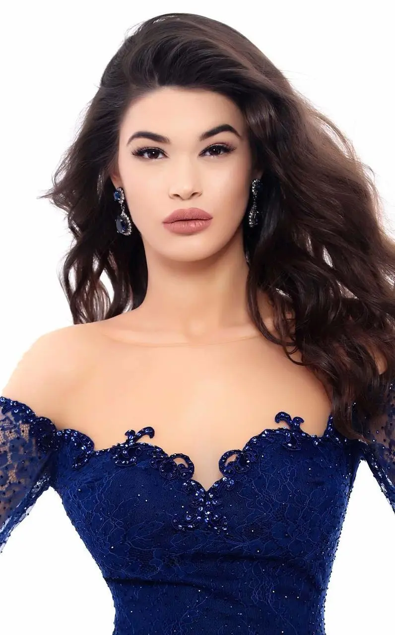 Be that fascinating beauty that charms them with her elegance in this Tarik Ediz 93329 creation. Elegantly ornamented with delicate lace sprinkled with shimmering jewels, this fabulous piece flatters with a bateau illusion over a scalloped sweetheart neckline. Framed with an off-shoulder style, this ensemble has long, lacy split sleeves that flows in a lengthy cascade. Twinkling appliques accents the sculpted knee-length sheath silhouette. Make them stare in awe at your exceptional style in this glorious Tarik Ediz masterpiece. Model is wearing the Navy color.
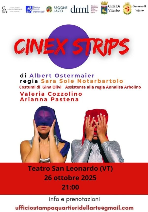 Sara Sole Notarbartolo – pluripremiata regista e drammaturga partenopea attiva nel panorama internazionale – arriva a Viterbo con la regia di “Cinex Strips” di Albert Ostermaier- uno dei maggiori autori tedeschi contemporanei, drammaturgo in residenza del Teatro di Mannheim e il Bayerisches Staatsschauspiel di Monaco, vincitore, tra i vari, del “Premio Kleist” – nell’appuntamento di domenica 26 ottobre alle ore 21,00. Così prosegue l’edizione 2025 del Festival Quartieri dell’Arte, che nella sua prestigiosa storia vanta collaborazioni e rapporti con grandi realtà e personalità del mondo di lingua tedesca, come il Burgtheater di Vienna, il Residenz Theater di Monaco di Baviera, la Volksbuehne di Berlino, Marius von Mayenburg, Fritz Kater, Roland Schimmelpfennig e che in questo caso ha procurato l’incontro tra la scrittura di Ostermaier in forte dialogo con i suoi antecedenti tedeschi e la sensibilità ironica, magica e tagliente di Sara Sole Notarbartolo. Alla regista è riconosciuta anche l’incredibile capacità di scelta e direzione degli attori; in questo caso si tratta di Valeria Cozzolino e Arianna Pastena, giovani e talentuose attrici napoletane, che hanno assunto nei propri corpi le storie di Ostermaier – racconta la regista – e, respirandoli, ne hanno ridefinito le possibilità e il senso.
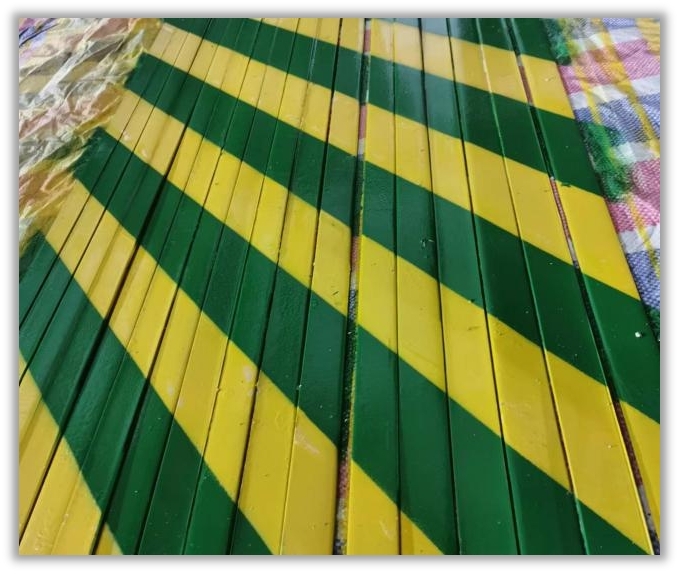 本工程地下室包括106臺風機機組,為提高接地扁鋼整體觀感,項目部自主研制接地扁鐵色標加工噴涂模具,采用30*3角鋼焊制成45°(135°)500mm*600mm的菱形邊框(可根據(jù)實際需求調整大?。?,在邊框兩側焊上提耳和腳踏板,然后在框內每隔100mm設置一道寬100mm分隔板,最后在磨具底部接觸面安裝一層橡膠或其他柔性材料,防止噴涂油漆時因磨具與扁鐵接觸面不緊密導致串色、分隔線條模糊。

* [Prompt]
Wherever a picture appears in the material above, skip it and copy the rest without change.

* [Result of the exercise]
 Be that fascinating beauty that charms them with her elegance in this Tarik Ediz 93329 creation. Elegantly ornamented with delicate lace sprinkled with shimmering jewels, this fabulous piece flatters with a bateau illusion over a scalloped sweetheart neckline. Framed with an off-shoulder style, this ensemble has long, lacy split sleeves that flows in a lengthy cascade. Twinkling appliques accents the sculpted knee-length sheath silhouette. Make them stare in awe at your exceptional style in this glorious Tarik Ediz masterpiece. Model is wearing the Navy color.
 Sara Sole Notarbartolo – pluripremiata regista e drammaturga partenopea attiva nel panorama internazionale – arriva a Viterbo con la regia di “Cinex Strips” di Albert Ostermaier- uno dei maggiori autori tedeschi contemporanei, drammaturgo in residenza del Teatro di Mannheim e il Bayerisches Staatsschauspiel di Monaco, vincitore, tra i vari, del “Premio Kleist” – nell’appuntamento di domenica 26 ottobre alle ore 21,00. Così prosegue l’edizione 2025 del Festival Quartieri dell’Arte, che nella sua prestigiosa storia vanta collaborazioni e rapporti con grandi realtà e personalità del mondo di lingua tedesca, come il Burgtheater di Vienna, il Residenz Theater di Monaco di Baviera, la Volksbuehne di Berlino, Marius von Mayenburg, Fritz Kater, Roland Schimmelpfennig e che in questo caso ha procurato l’incontro tra la scrittura di Ostermaier in forte dialogo con i suoi antecedenti tedeschi e la sensibilità ironica, magica e tagliente di Sara Sole Notarbartolo. Alla regista è riconosciuta anche l’incredibile capacità di scelta e direzione degli attori; in questo caso si tratta di Valeria Cozzolino e Arianna Pastena, giovani e talentuose attrici napoletane, che hanno assunto nei propri corpi le storie di Ostermaier – racconta la regista – e, respirandoli, ne hanno ridefinito le possibilità e il senso.
 本工程地下室包括106臺風機機組,為提高接地扁鋼整體觀感,項目部自主研制接地扁鐵色標加工噴涂模具,采用30*3角鋼焊制成45°(135°)500mm*600mm的菱形邊框(可根據(jù)實際需求調整大?。?,在邊框兩側焊上提耳和腳踏板,然后在框內每隔100mm設置一道寬100mm分隔板,最后在磨具底部接觸面安裝一層橡膠或其他柔性材料,防止噴涂油漆時因磨具與扁鐵接觸面不緊密導致串色、分隔線條模糊。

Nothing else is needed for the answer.